What to produce.
Repeat the entries in full. Each line must match exactly.

Excerpts from a dataset:
◇ ◇ ◇ ◇ ◇ ◇ ◇

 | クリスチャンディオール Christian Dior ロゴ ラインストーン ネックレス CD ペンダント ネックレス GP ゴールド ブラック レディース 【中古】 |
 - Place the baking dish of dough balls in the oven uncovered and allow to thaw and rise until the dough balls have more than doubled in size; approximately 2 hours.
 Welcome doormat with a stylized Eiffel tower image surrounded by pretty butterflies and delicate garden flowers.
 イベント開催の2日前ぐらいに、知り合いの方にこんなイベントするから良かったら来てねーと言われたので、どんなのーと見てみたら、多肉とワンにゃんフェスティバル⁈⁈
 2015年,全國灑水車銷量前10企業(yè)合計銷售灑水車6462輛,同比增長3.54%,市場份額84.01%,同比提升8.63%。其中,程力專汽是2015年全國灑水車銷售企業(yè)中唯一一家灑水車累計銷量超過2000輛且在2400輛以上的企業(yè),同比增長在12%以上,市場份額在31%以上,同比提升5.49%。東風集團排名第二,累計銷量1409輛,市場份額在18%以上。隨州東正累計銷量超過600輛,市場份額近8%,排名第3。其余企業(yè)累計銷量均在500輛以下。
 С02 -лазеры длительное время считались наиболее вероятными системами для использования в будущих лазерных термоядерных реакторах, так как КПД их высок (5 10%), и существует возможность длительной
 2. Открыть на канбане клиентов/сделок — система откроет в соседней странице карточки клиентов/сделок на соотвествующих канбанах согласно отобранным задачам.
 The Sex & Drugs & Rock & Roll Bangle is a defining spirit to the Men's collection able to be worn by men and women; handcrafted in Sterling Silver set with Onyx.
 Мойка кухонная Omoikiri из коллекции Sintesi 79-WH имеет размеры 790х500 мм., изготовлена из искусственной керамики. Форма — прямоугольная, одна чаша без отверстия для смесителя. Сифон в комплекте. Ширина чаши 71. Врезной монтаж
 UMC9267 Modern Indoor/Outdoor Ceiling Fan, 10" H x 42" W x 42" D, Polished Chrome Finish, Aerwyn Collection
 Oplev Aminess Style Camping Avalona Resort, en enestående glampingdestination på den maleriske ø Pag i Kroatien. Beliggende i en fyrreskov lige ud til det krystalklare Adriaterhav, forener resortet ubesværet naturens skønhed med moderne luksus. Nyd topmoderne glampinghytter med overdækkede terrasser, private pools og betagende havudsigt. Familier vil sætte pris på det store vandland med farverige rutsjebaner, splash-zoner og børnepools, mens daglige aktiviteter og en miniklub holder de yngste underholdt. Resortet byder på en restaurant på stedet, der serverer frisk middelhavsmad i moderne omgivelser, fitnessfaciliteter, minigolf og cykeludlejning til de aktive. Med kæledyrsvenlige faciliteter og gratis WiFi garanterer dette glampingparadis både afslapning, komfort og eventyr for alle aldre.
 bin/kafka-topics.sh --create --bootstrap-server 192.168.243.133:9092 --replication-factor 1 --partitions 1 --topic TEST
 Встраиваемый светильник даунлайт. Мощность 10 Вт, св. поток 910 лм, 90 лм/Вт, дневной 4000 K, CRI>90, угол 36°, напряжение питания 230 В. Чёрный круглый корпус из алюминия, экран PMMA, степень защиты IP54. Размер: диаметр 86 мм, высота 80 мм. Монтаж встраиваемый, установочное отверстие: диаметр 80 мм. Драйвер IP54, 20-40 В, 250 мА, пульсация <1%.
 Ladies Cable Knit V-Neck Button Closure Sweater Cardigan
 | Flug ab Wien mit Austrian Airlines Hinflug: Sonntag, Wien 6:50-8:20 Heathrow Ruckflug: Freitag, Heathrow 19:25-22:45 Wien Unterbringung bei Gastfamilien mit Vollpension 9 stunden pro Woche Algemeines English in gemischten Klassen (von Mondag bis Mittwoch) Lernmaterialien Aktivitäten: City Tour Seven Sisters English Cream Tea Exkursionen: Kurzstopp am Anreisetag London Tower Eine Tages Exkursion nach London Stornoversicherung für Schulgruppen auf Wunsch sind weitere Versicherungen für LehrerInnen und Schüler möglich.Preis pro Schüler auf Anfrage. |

◇ ◇ ◇ ◇ ◇ ◇ ◇

Response to this exercise.
 | クリスチャンディオール Christian Dior ロゴ ラインストーン ネックレス CD ペンダント ネックレス GP ゴールド ブラック レディース 【中古】 |
 - Place the baking dish of dough balls in the oven uncovered and allow to thaw and rise until the dough balls have more than doubled in size; approximately 2 hours.
 Welcome doormat with a stylized Eiffel tower image surrounded by pretty butterflies and delicate garden flowers.
 イベント開催の2日前ぐらいに、知り合いの方にこんなイベントするから良かったら来てねーと言われたので、どんなのーと見てみたら、多肉とワンにゃんフェスティバル⁈⁈
 2015年,全國灑水車銷量前10企業(yè)合計銷售灑水車6462輛,同比增長3.54%,市場份額84.01%,同比提升8.63%。其中,程力專汽是2015年全國灑水車銷售企業(yè)中唯一一家灑水車累計銷量超過2000輛且在2400輛以上的企業(yè),同比增長在12%以上,市場份額在31%以上,同比提升5.49%。東風集團排名第二,累計銷量1409輛,市場份額在18%以上。隨州東正累計銷量超過600輛,市場份額近8%,排名第3。其余企業(yè)累計銷量均在500輛以下。
 С02 -лазеры длительное время считались наиболее вероятными системами для использования в будущих лазерных термоядерных реакторах, так как КПД их высок (5 10%), и существует возможность длительной
 2. Открыть на канбане клиентов/сделок — система откроет в соседней странице карточки клиентов/сделок на соотвествующих канбанах согласно отобранным задачам.
 The Sex & Drugs & Rock & Roll Bangle is a defining spirit to the Men's collection able to be worn by men and women; handcrafted in Sterling Silver set with Onyx.
 Мойка кухонная Omoikiri из коллекции Sintesi 79-WH имеет размеры 790х500 мм., изготовлена из искусственной керамики. Форма — прямоугольная, одна чаша без отверстия для смесителя. Сифон в комплекте. Ширина чаши 71. Врезной монтаж
 UMC9267 Modern Indoor/Outdoor Ceiling Fan, 10" H x 42" W x 42" D, Polished Chrome Finish, Aerwyn Collection
 Oplev Aminess Style Camping Avalona Resort, en enestående glampingdestination på den maleriske ø Pag i Kroatien. Beliggende i en fyrreskov lige ud til det krystalklare Adriaterhav, forener resortet ubesværet naturens skønhed med moderne luksus. Nyd topmoderne glampinghytter med overdækkede terrasser, private pools og betagende havudsigt. Familier vil sætte pris på det store vandland med farverige rutsjebaner, splash-zoner og børnepools, mens daglige aktiviteter og en miniklub holder de yngste underholdt. Resortet byder på en restaurant på stedet, der serverer frisk middelhavsmad i moderne omgivelser, fitnessfaciliteter, minigolf og cykeludlejning til de aktive. Med kæledyrsvenlige faciliteter og gratis WiFi garanterer dette glampingparadis både afslapning, komfort og eventyr for alle aldre.
 bin/kafka-topics.sh --create --bootstrap-server 192.168.243.133:9092 --replication-factor 1 --partitions 1 --topic TEST
 Встраиваемый светильник даунлайт. Мощность 10 Вт, св. поток 910 лм, 90 лм/Вт, дневной 4000 K, CRI>90, угол 36°, напряжение питания 230 В. Чёрный круглый корпус из алюминия, экран PMMA, степень защиты IP54. Размер: диаметр 86 мм, высота 80 мм. Монтаж встраиваемый, установочное отверстие: диаметр 80 мм. Драйвер IP54, 20-40 В, 250 мА, пульсация <1%.
 Ladies Cable Knit V-Neck Button Closure Sweater Cardigan
 | Flug ab Wien mit Austrian Airlines Hinflug: Sonntag, Wien 6:50-8:20 Heathrow Ruckflug: Freitag, Heathrow 19:25-22:45 Wien Unterbringung bei Gastfamilien mit Vollpension 9 stunden pro Woche Algemeines English in gemischten Klassen (von Mondag bis Mittwoch) Lernmaterialien Aktivitäten: City Tour Seven Sisters English Cream Tea Exkursionen: Kurzstopp am Anreisetag London Tower Eine Tages Exkursion nach London Stornoversicherung für Schulgruppen auf Wunsch sind weitere Versicherungen für LehrerInnen und Schüler möglich.Preis pro Schüler auf Anfrage. |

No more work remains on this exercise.